*** Records for the exercise Section Begins ***

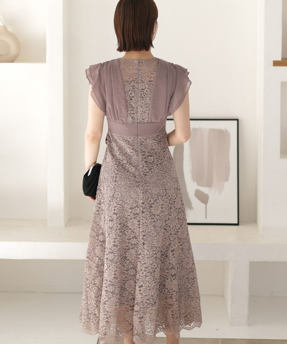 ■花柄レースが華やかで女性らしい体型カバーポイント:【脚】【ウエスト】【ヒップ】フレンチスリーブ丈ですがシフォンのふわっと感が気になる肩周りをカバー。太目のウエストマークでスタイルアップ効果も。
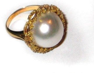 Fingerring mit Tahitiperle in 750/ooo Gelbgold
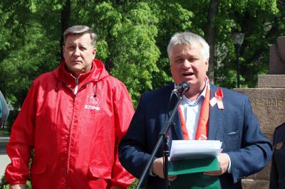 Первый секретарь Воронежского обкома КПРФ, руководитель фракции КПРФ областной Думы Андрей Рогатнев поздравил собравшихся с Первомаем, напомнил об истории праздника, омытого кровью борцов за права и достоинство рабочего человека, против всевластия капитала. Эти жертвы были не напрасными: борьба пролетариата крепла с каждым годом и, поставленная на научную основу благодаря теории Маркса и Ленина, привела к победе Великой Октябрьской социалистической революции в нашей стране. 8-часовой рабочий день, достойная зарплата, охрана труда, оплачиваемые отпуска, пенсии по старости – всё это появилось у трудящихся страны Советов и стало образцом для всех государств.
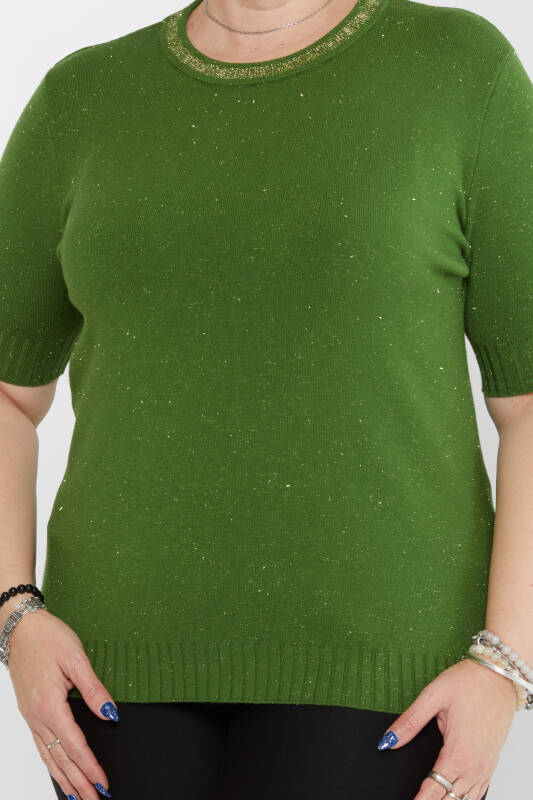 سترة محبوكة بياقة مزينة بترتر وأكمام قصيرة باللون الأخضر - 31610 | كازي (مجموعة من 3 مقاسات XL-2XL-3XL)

*** Records for the exercise Section Ends ***
*** Records for the exercise Section Begins ***

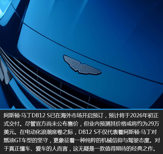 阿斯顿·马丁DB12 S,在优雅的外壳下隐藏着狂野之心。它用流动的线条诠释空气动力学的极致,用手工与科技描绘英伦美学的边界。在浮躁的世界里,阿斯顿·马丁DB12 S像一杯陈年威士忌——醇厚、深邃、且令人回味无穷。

*** Records for the exercise Section Ends ***

* **What to work on**:
In the listing above, find the line containing "Первый секретарь Воронежского". Output it and every line after it up to and including the line containing "سترة محبوكة بياقة", exactly, but skip the pictures.

* **Task result**:
 Первый секретарь Воронежского обкома КПРФ, руководитель фракции КПРФ областной Думы Андрей Рогатнев поздравил собравшихся с Первомаем, напомнил об истории праздника, омытого кровью борцов за права и достоинство рабочего человека, против всевластия капитала. Эти жертвы были не напрасными: борьба пролетариата крепла с каждым годом и, поставленная на научную основу благодаря теории Маркса и Ленина, привела к победе Великой Октябрьской социалистической революции в нашей стране. 8-часовой рабочий день, достойная зарплата, охрана труда, оплачиваемые отпуска, пенсии по старости – всё это появилось у трудящихся страны Советов и стало образцом для всех государств.
 سترة محبوكة بياقة مزينة بترتر وأكمام قصيرة باللون الأخضر - 31610 | كازي (مجموعة من 3 مقاسات XL-2XL-3XL)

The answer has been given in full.